■ TASK STATEMENT:
Set down exactly the lines running from the one with "The Tool Pouch" to the last line of the listing below, both included, and skip every picture.

■ TASK MATERIAL:
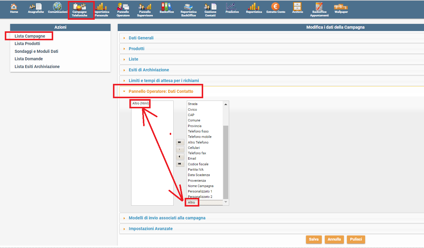 Entrare nella campagna telefonica come per modificarla e dirigersi su "Pannello operatore: Dati contatto"
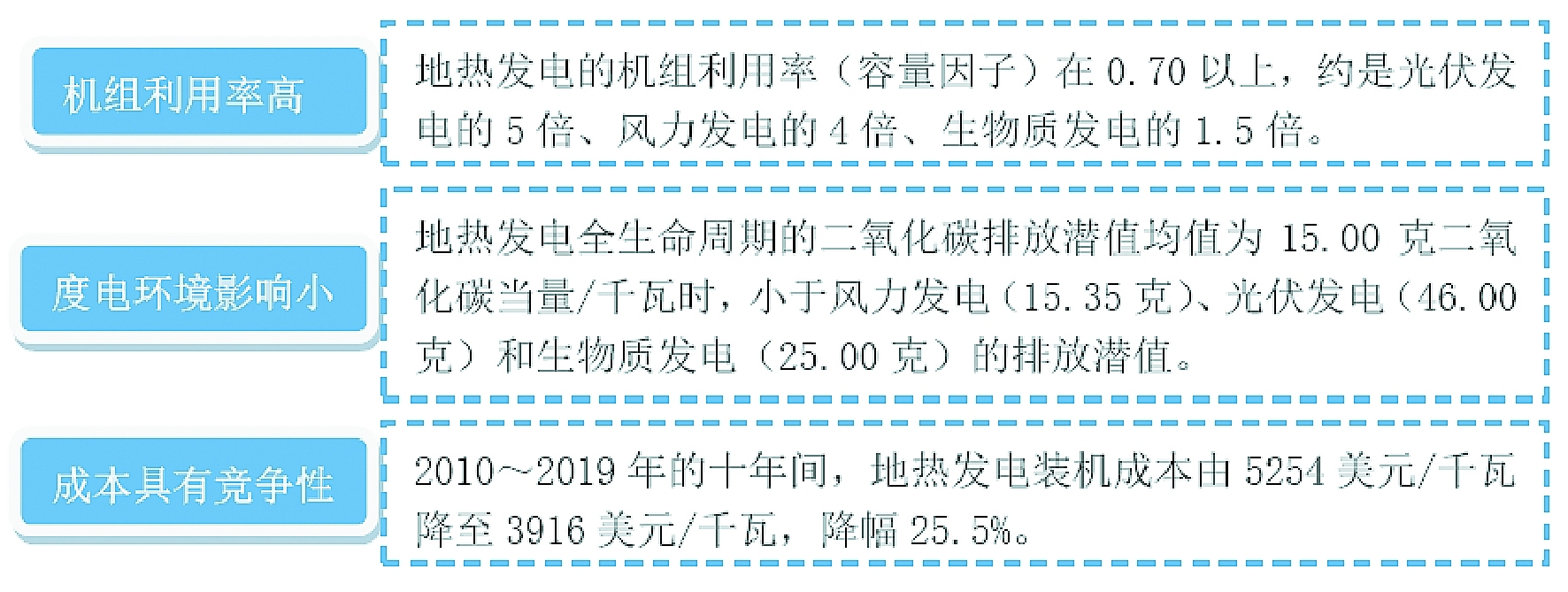 地热发电也是地热能利用的重要方式,具有热能利用率高、环境影响小、发电成本低等优势。与其他可再生能源发电技术相比,地热发电机组还有运行时率高的特点,据世界能源理事会统计,地热发电的利用系数在0.72~0.97,远高于其他形式的利用系数,而且不受天气条件影响,安全稳定、可靠性强。
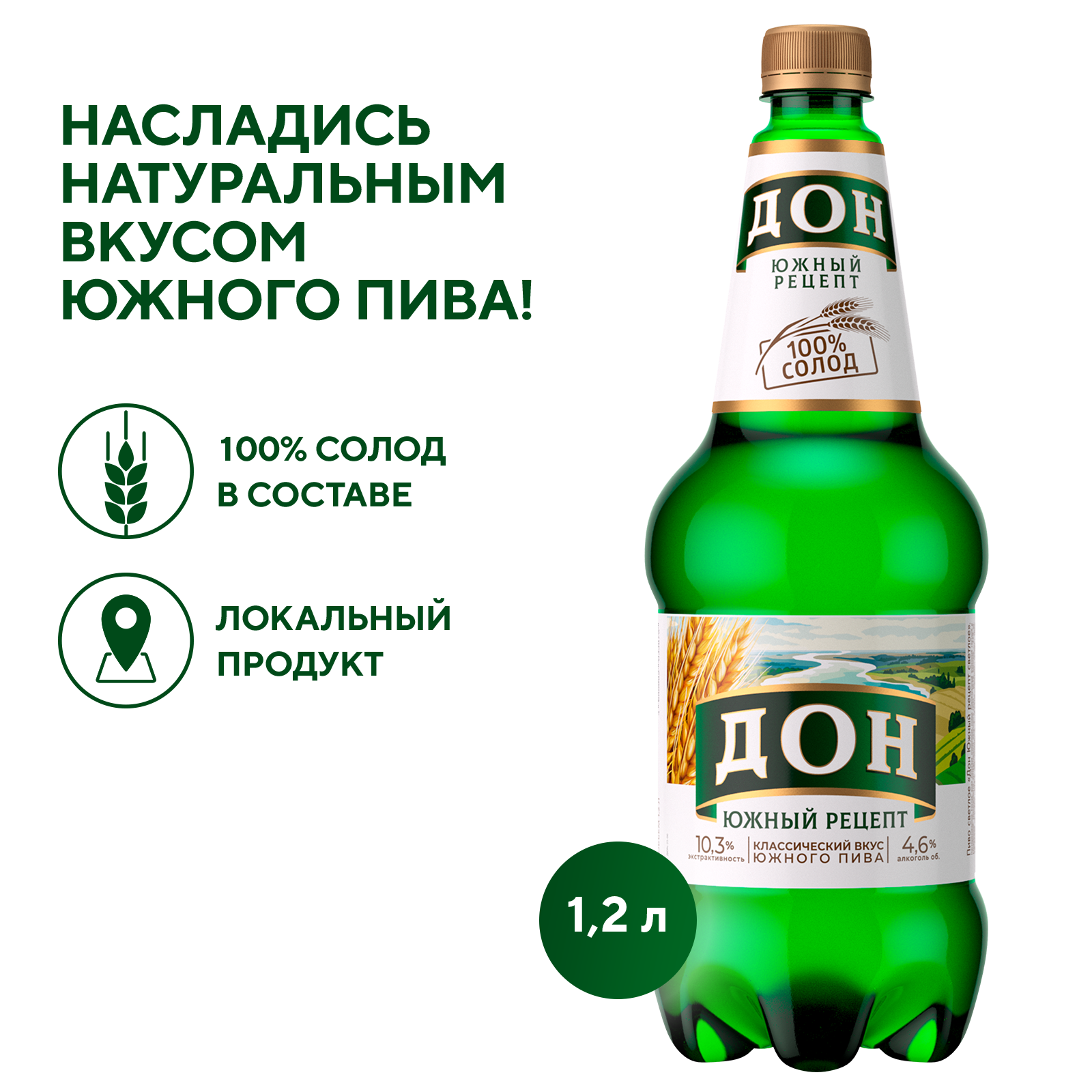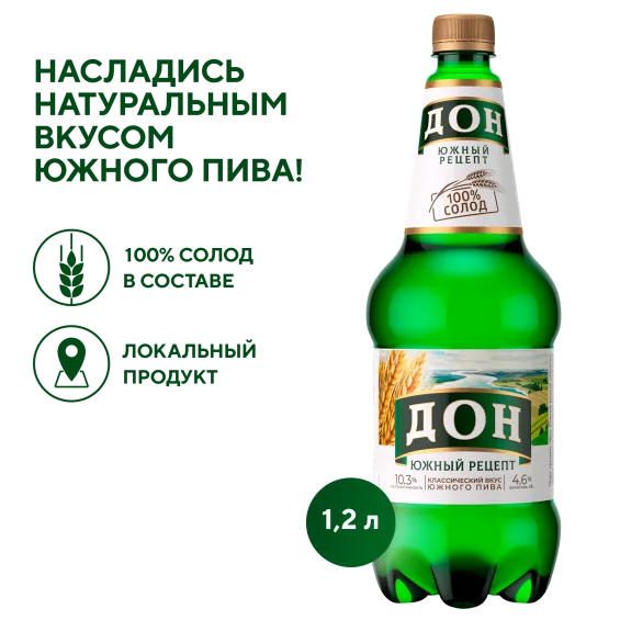 Дон Южный рецепт светлое ПЭТ 1,2 в Ростове — классическое пиво для повседневного отдыха. Сочетает подробнееДон Южный рецепт светлое ПЭТ 1,2 в Ростове — классическое пиво для повседневного отдыха. Сочетает приятный солодовый вкус и аккуратную хмелевую горчинку. Подходит как для самостоятельного употребления, так и в сочетании с закусками. Хорошо подходит к мясным блюдам, сырам и снекам. Купить Дон Южный рецепт светлое ПЭТ 1,2 в Ростове с самовывозом в фирменном магазине Балтика легко — оформи заказ онлайн и забери без ожидания доставки.
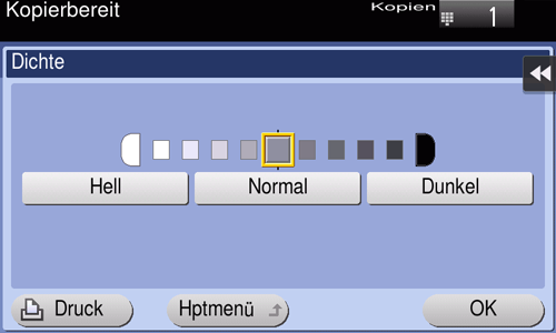 Sie können beim Kopieren von Originalen mit Farbhintergrund (Zeitung, Recycling-Papier etc.) sowie bei Originalen, die so dünn sind, dass Text oder Bilder auf der Rückseite gescannt würden, die Dichte des Hintergrunds einstellen.
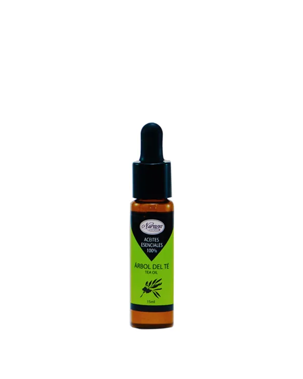 Aceite esencial 100% puro a base del árbol de té apto para su uso directo en la piel.
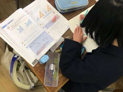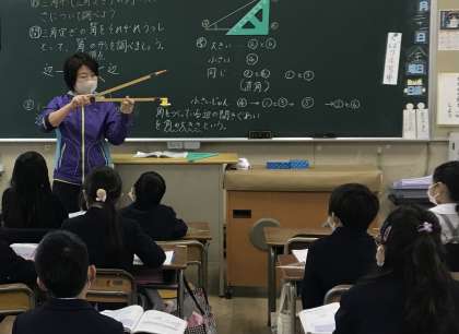 2種類の三角定規(直角三角形と直角二等辺三角形)を比べて、角の大きさについて考える学習です。
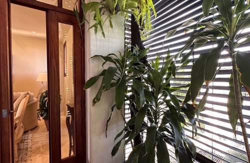 This apartment is situated on the 3rd floor and features a unique two-level layout. The first level encompasses a bedroom, kitchen, and living room. On the second level, you'll find an additional bedroom, an open kitchen, a grill area, spacious terrace and a captivating water garden complete with tropical fish and Lilly pads. This design provides a distinctive and luxurious living experience.
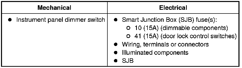 10. If no DTCs related to the concern are retrieved, GO to Symptom Chart. Instrument Cluster and Panel Illumination
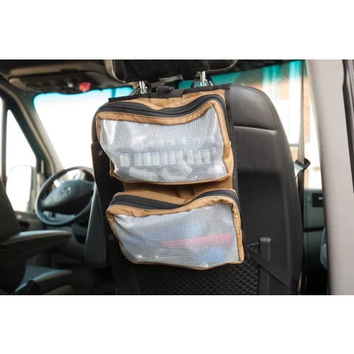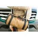 The Tool Pouch Sling is a truly versatile way to store and secure your go-to tools or even first aid items. It packs up small, but the two 12" x 6" x 2" pouches hold a lot of kit.With just a few quick snaps, it goes from a shoulder-carry sling, to a square-foot, lay-flat platform, to a panel that will clip and secure to a vehicle seat back. That's a lot of work for one kit bag!
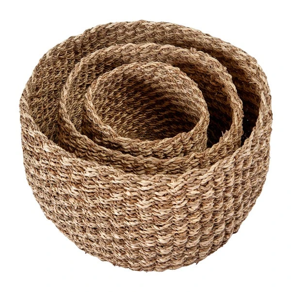 Pacific Lifestyle Set Of 3 Plaited Natural Seagrass & Palm 2-Toned Round Baskets
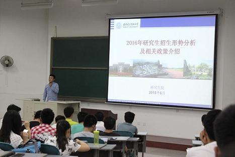 在南校区D楼205教室召开2016年研究生招生形势分析及相关政策宣讲会。参加本次宣讲会的有我校研究生院副院长魏俊、研招办主任王兴华、黑料网

■ COMPLETED TASK:
 The Tool Pouch Sling is a truly versatile way to store and secure your go-to tools or even first aid items. It packs up small, but the two 12" x 6" x 2" pouches hold a lot of kit.With just a few quick snaps, it goes from a shoulder-carry sling, to a square-foot, lay-flat platform, to a panel that will clip and secure to a vehicle seat back. That's a lot of work for one kit bag!
 Pacific Lifestyle Set Of 3 Plaited Natural Seagrass & Palm 2-Toned Round Baskets
 在南校区D楼205教室召开2016年研究生招生形势分析及相关政策宣讲会。参加本次宣讲会的有我校研究生院副院长魏俊、研招办主任王兴华、黑料网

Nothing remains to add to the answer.